I get a lot of information via Facebook and e-mail about politics. All of it is biased in the direction of the beliefs I already hold. It comes in the form of requests for monetary support, requests for me to add my name to a petition to support or fight a particular piece of legislation, or attacks against those who hold an opposing view. I have grown weary of these and have begun deleting them before I even read them. I heard a TV commentator say recently that just like the internet’s ability to figure out what kinds of products we might be tempted to buy, it can figure out our religious or political bents and feed us what we are inclined to support. As a result, we are each getting more entrenched in the beliefs we already have. The extremes are getting more extreme.

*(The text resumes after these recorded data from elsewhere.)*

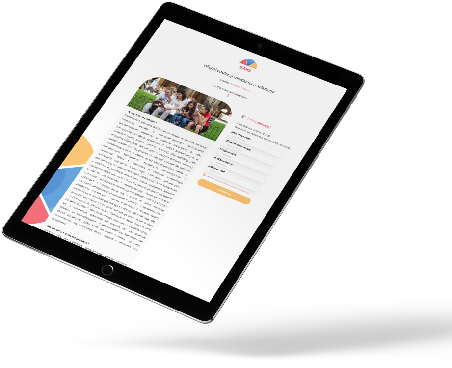 SAME Petycje to bezpłatne narzędzie stworzone przez Stowarzyszenie Analityków Mediów Elektronicznych, które umożliwia publikowanie własnych petycji i zbieranie pod nimi podpisów online! Z nami możesz zapoczątkować zmianę na szczeblu lokalnym, krajowym czy globalnym. Zabierz głos w ważnej dla Ciebie sprawie i otrzymaj wsparcie dla swojej inicjatywy od innych osób!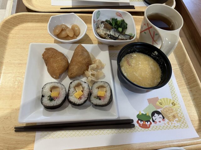 昼食にはのり巻きとおいなりさん、イワシの煮つけと白豆。
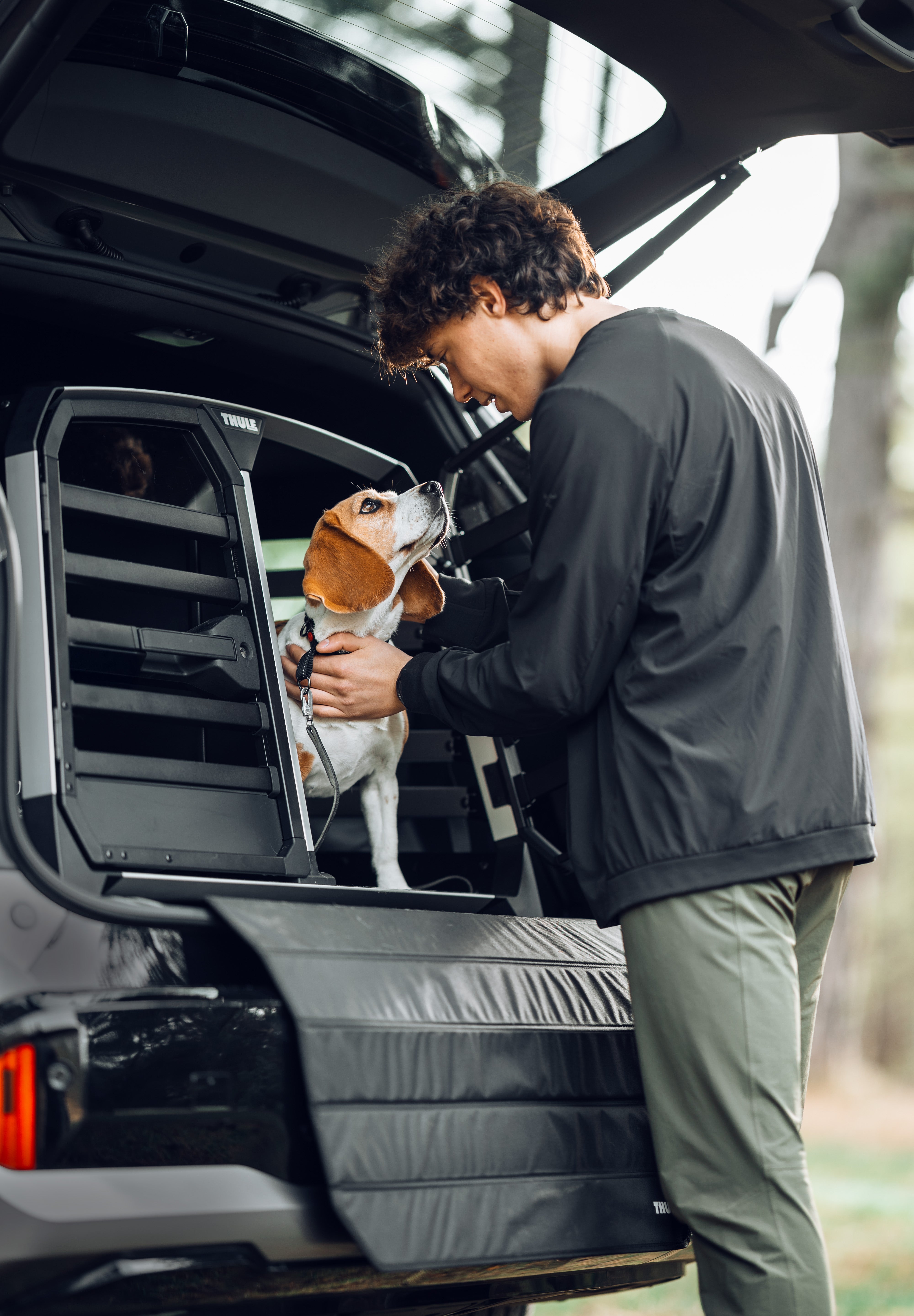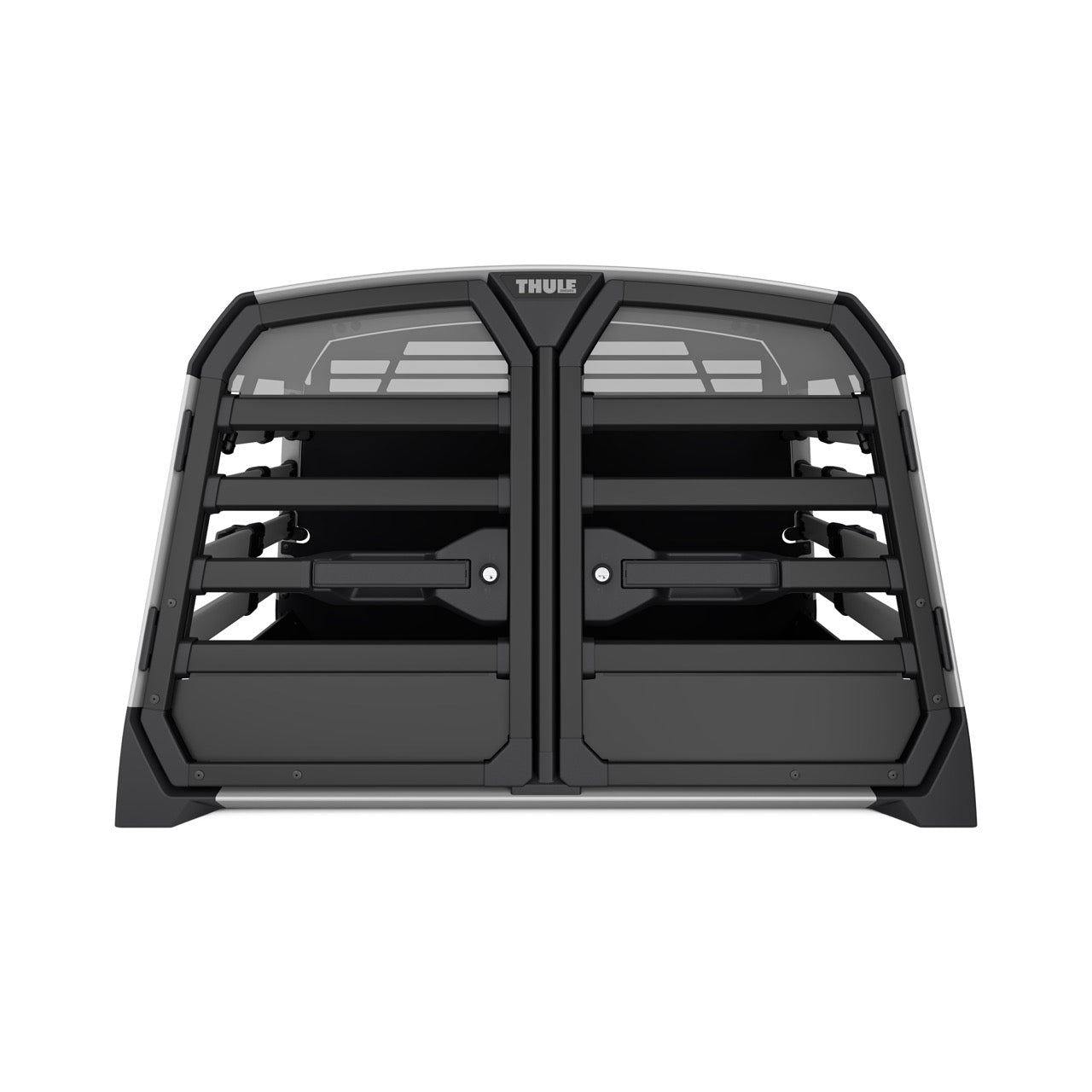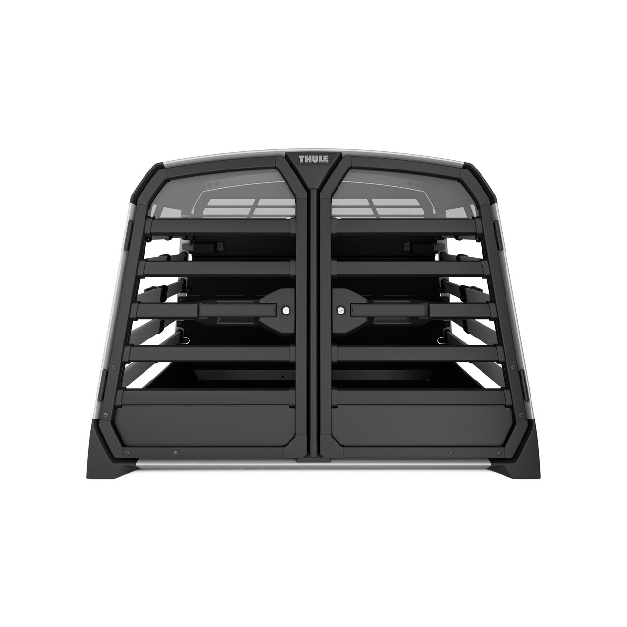 The Thule Allax double dog crate is the perfect choice for safe and comfortable car rides with your four-legged friends. Designed for flexibility, it can be used for two dogs or converted into a spacious crate for one larger dog by removing the parting wall. The adjustable wall can also be angled to create more space on one side, making it ideal for dogs of different sizes. Thoroughly crash tested in our own Thule Test Centre and certified by TÜV SÜD, it features an innovative crumple zone for superior protection. The gas-dampened door opens and closes softly, and the built-in lock adds extra security.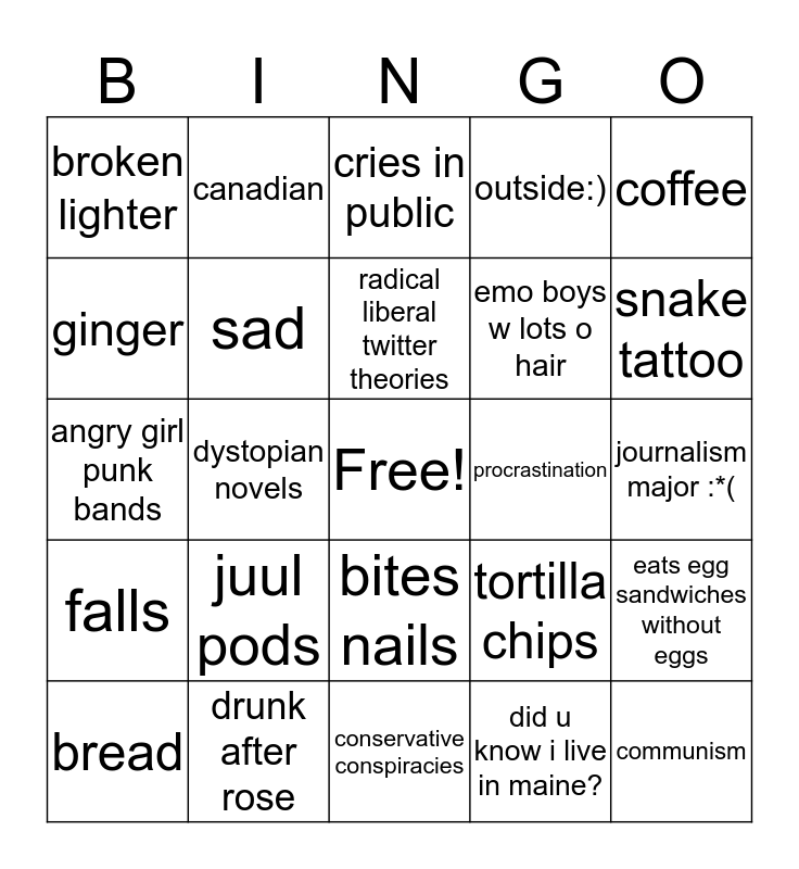 This bingo card has a free space and 25 words: juul pods, conservative conspiracies, radical liberal twitter theories, bread, coffee, broken lighter, ginger, canadian, procrastination, bites nails, emo boys w lots o hair, angry girl punk bands, tortilla chips, eats egg sandwiches without eggs, sad, broke, journalism major :*(, cries in public, snake tattoo, dystopian novels, communism, drunk after rose, falls, outside:) and did u know i live in maine?.

We are becoming a less informed citizenry rather than more informed.
This isn’t to say that I don’t sometimes add my name to a petition but it is likely to concern an issue I supported long before any of the current legislators ever came to Washington. But mostly, I ignore the stuff that used to get me riled or discouraged. I am losing my faith in the system to achieve much of anything…and I don’t blame any particular pilosophy, political party, person, or administration.
This morning I read a comment by Mother Teresa that helps me understand this strange place in which I find myself. Someone challenged her for speaking for peace yet not engaging in any peace organization or in any political movement. Here is the quote:
“”Whereas you work to bring about peace, why is it you do not work,’ they ask, ‘to lessen war? If you are working for peace, that peace lessens war.’ But I won’t mix in politics. War is the fruit of politics, and so I don’t involve myself, that’s all. If I get stuck in politics, I will stop loving. Because I will have to stand by one, and not by all. That is the difference.”
I am grateful to have read this little piece of wisdom this morning. It expresses where my path seems to be going.